En attendant de revoir de fond en comble les relations économiques internationales, l'Haïtien invite à « démystifier la dette ». D'abord dans sa fausse dimension contractuelle : lors d'un emprunt, il y a toujours un contractant contraint et un autre libre. « Dans le cas de nos pays, il y en a souvent un qui a le pistolet sur la tempe ! » D'où l'illégalité de nombreuses conditions mises dans les clauses contractuelles.
M. Chalmers met aussi l'accent sur « la dimension de classe de la dette ». Puisque la plupart des pays fortement endettés le sont pour cause de faiblesse fiscale, le remboursement repose principalement sur les salariés, tandis que les classes favorisées peuvent placer leur argent au Nord, et même participer à ces prêts.

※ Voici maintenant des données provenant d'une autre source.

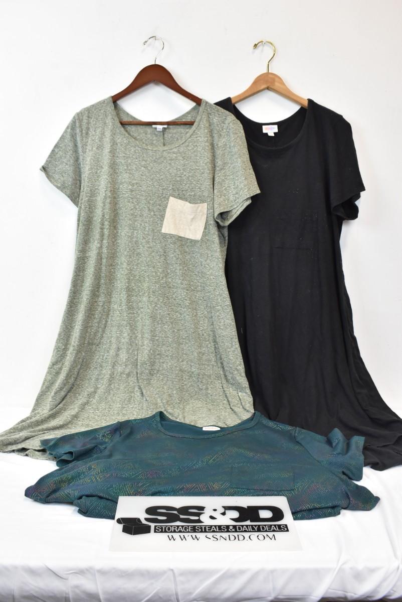 LuLaroe qty 3: "Carly" style dresses, size 3XL, black dress shows more wear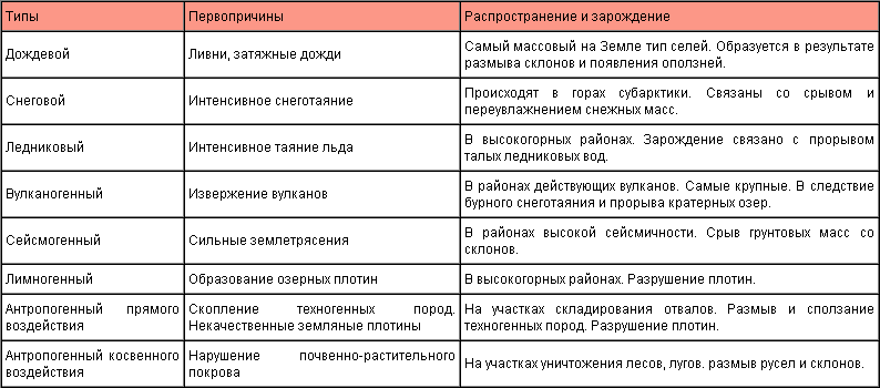 По первопричинам возникновения селей

Décidés à sortir de cette spirale, plusieurs pays d'Amérique latine avaient rompu avec le consensus néolibéral au cours des années 2000. Avec des budgets devenus bénéficiaires grâce aux hausses des revenus fiscaux provenant des exportations de matières premières, ils avaient pu rembourser une part de leurs créances et quitté le système de Bretton Woods, misant sur l'autofinancement ou le prêt bilatéral librement consenti. La Banque du Sud, l'Alliance bolivarienne (ALBA) et d'autres institutions communes devaient parachever cette stratégie de développement régional, autonome des intérêts du capital occidental.

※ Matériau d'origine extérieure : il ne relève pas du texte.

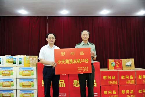 7月27日,以市人大常委會主任賈雪峰為團長的慰問團先后到忻州軍分區(qū)、駐代縣某部和駐定襄某部,對部隊官兵進行了慰問,為他們送去節(jié)日的問候與祝福,并送上慰問品。市領(lǐng)導魏廣才、邊升陽一同慰問。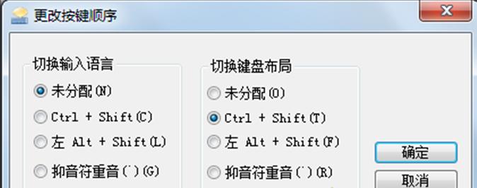 5、切換鍵盤布局標簽頁,選擇“Ctrl+Shift (T)”選項,其次點擊“確定”按鈕;

Une décennie plus tard, il a suffi d'une conjoncture défavorable pour mettre ces Etats en difficulté, certains devant quémander des prêts à la Chine, voire aux institutions de Bretton Woods, à l'instar de l'Equateur à nouveau en contact avec la Banque mondiale
BM. Constat d'échec ? En partie seulement, selon Pablo Solon, qui estime la position des pays latino-américains plus solide qu'il y a quinze ans. « Nous avons pu renforcer notre position face aux transnationales et obtenons une part plus importante des revenus créés chez nous », décrit le Bolivien. Mais l'ancien ministre du Commerce reconnaît que l'Amérique latine demeure très dépendante du marché mondial, notamment à cause de ­l'échec de la Banque du Sud. Surtout, « nous n'avons pas su modifier notre matrice économique extractiviste et diversifier notre production quand nous étions en bonne posture, nous n'avons pas suffisamment pensé au moyen terme », regrette l'actuel directeur de l'ONG Focus on the Global South.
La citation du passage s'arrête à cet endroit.